Он оторопел, вся чопорность слетела с него в один миг. Узкое личико от растерянности вытянулось еще больше. По-прежнему тихо бормотало радио. Я радовалась, что так быстро сбила с него спесь, но мне этого показалось мало, и я с веселой яростью набросилась на него. Обозвала хамом, предателем, воображалой, ослом и еще такими словами, каких отродясь не говорила и теперь не решаюсь даже вспоминать. Тогда же я упивалась их грубостью и бранилась самозабвенно, с наслаждением. Под мерный рокот радио непристойности шмякались перезрелыми грушами. А я сжимала в кармане пальто рукоять револьвера — я стащила его у брата в такси. На Бертрана обрушился поток оскорблений, а он только беспомощно моргал, и губы у него дрожали. Я достала револьвер и наставила дуло Бертрану в живот:
— Ты хвастал, что у тебя, видите ли, физиологические особенности. Вот мы сейчас и посмотрим, какие такие особенности. Ниже пояса господину графу по-прежнему двадцать семь лет, не так ли? А ну, раздевайся! Живо!
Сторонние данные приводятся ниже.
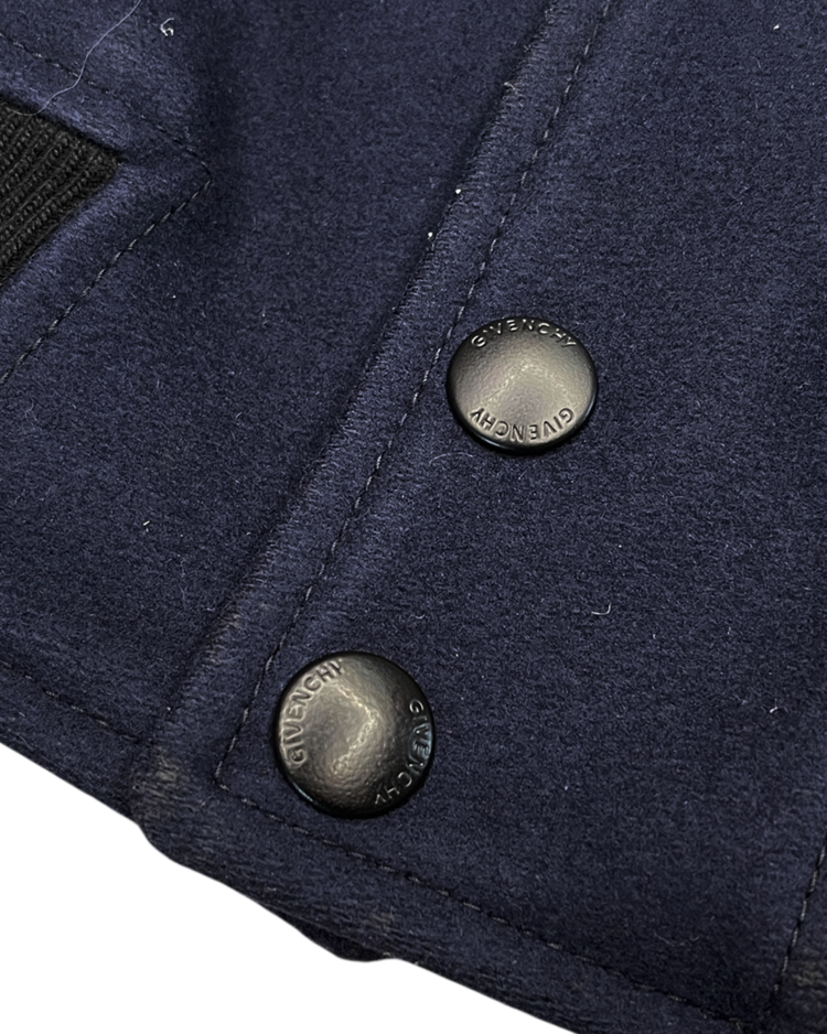 안정감 있으면서도 우아하고 세련된 디자인을 추구하는 지방시의 자켓입니다. 11F/W 시즌의 블루종으로 바디는 고급스러운 울 소재, 소매는 가죽으로 구성되어 클래식한 바시티 자켓을 현대적으로 재해석했습니다. 넥과 밑단, 소매의 립 디테일이 안정감을 주며, 소매의 지퍼 디테일이 지방시 특유의 감성을 더했습니다. 미니멀한 구조 안에서 소재의 질감 대비를 통해 존재감을 드러내는 피스입니다.

Он беспрекословно повиновался. Снял пиджак, брюки, галстук, потом рубашку. Что ж, «особенности» у него были вполне обычные, как у всех мальчишек. Но мы с Пьером изобразили необычайное веселье и хохотали, сгибаясь пополам и утирая слезы. Между приступами бурного смеха мы обменивались такими замечаниями, что лучше я не стану их здесь приводить. Тщедушное тельце — одни ребрышки, при виде его мы должны были бы испытать братские чувства жалости и сострадания, но Бертран нас предал, Бертран — враг. Мы страшно злились, что обречены на детство, и, измываясь над Бертраном, мстили не ему одному, мы мстили всему миру.
— Кругом! Чего у тебя там сзади?
Бертран послушно повернулся, но его острые плечи содрогнулись от рыданий, и мы возликовали. Я протянула Пьеру револьвер, сделав едва заметный знак. Он тут же все понял, подошел к приемнику и врубил его на полную мощность, пусть радио орет, заглушая крики. Потом схватил Бертрана за щиколотки и повалил, а я поддала бедняжке под зад коленом. Он упал ничком, и мы стали его бить. Били, а он тоненько повизгивал, как щенок. В ответ мы хохотали. Внезапно Пьер остановился и поднял руку, призывая меня к тишине. Диктор говорил: «Только что нам стало известно, что префект полиции объявил о роспуске детских клубов ввиду их антисанитарии, а также запретил детям до шестнадцати лет собираться на улице группами больше семи человек».
Бертран воспользовался передышкой и натянул штаны. Он тоже услышал новость и теперь исподтишка, явно довольный, злорадно поглядывал на нас.
Пьер озабоченно нахмурился и, кажется, даже забыл о нашем с Бертраном существовании. Он обзвонил всех, кого мог, и, наконец, громко сказал:
— Жозетта, мне нужно повидаться с друзьями. Так что проводить я тебя не смогу. Тебе лучше подождать меня здесь. Часам к четырем я вернусь. Ключи пока возьму с собой.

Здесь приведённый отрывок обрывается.